When Monica came back, though, Mom was a little more aware of herself and after a conversation filled with silences that nearly killed me she decided to try to stick with the current peripheral IV fluids and then make another decision when they lost that line. I don't know everything I was feeling then but I know after we left and were driving to get something to eat we were thinking the same thing. That in turning the decision over to Mom we may have made a terrible mistake by just prolonging the bad parts of the time she has left.

I need to be perfectly clear on this, though. Neither one of us thinks that anymore.

We went down to Jimmy's to get burgers and fries and I called Christine.
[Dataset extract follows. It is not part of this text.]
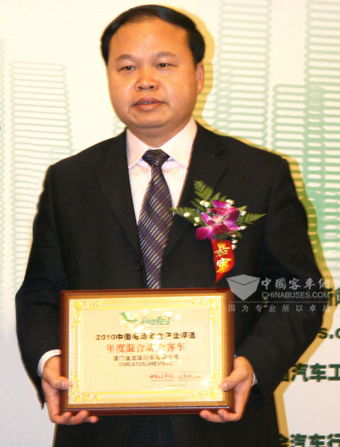 厦门金旅总经理助理、技术中心主任赖志艺接受年度混合动力客车证书

I was sure the time was short enough that she needed to get here sooner rather than later if she wanted to see Mom before the end, so I told her I thought she should start making arrangements for Brazen's care and look into flight options. We didn't talk too long, but I said I'd check in with her later if there was any change.

By the time we got back to the hospital it was almost like we'd gone back in time a week. They brought Mom's dinner, which included a bowl of blueberries and she didn't just take them when offered, but she asked to try them. I think she ate maybe a half-dozen of them, a trivially small amount for most people but huge by our current reckoning, and then she tried a bite of one of those two-bite brownies Trish and Jim had brought with them. Not much, but anyone reading this knows by now that I'm thrilled with anything. Better still, we stayed for another couple of hours and during most of that time Mom seemed to be mostly paying attention to the conversation and even participating. She hasn't seemed that good since Tuesday.
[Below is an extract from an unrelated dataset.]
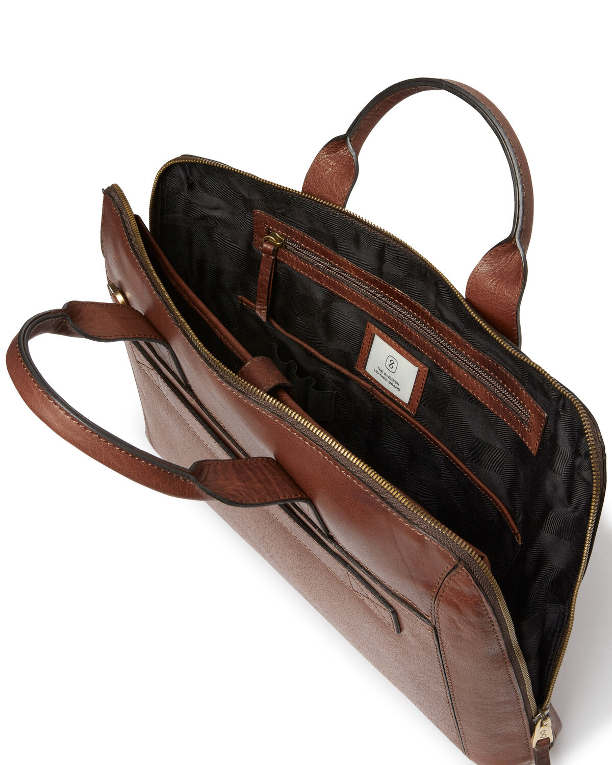 Datorväska Gustav från Saddler är en klassisk och stilren väska tillverkad av högkvalitativt full grain-buffelläder. Det slitstarka lädret får en vacker patina med tiden, vilket ger väskan ännu mer karaktär. Invändigt finns ett vadderat datorfack som rymmer en laptop upp till 15", samt tre praktiska fickor, varav en med dragkedja.

Anyway, we took off for a bit around 6:30pm or so and rather than looking for supper, none of us were even remotely hungry, we took a drive down to Cavendish beach and just walked along the shore for a bit, talking and watching the nut-jobs swimming in the ocean with 16°C air temperature. Christine called me while I was there and told me she'd already deposited Brazen at the cat hotel and was planning to drive to PEI in the morning. I don't really like the idea of her driving all that way on her own but I really want her here and it would help if she could bring stuff back when she goes.
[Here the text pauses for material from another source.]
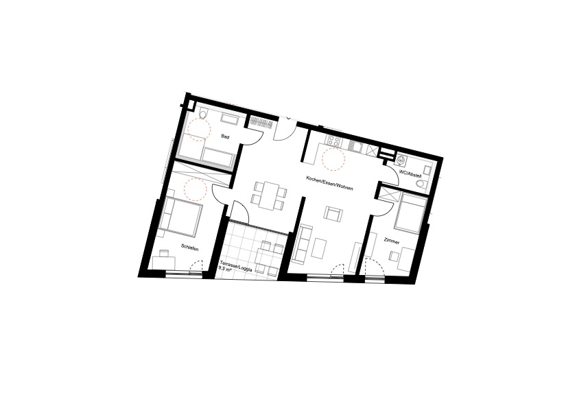 Hier ist keine Wohnung wie die andere: Jede der Mietwohnungen besticht durch ihre individuellen Grundrisse, die bewusst mit den Standards des klassischen Geschosswohnungsbaus brechen.

So we left the beach, went to Cows for some ice cream and then drove back to the hospital. That was about quarter to nine when we got there and Janet was still in the room and incredibly Mom was still kind of awake and feeling like talking. We stayed until about quarter after ten when she asked us to leave so she could sleep.

Today's been more of the same, too. We went to Janet's for breakfast and didn't get to the hospital until about quarter to ten but Mom was seeming animated and engaged and generally better than she's been for most of the week. Other than a few drowsy periods today that's been pretty much the pattern. She slept for a bit in the early afternoon but Dan brought Kelly by and she woke up and seemed to brighten when they were here. I'd love to talk to Kelly alone, knowing what Mom's told me about her relationship with her parents, but that'll have to wait for another day. Maybe I'll find her on facebook sometime and see how she's doing, Mom still worries a lot about her and while she does tend to worry about things she doesn't need to, I get the sense that she's justified in her concerns about Kelly.

Anyway, it's now about dinner time so I think we're going to go out and get something to eat then come back and spend the evening here. There's more to tell but I'm going to have to hold off on it, Mom just said about a paragraph ago that she'd like to have a nap so we should get out.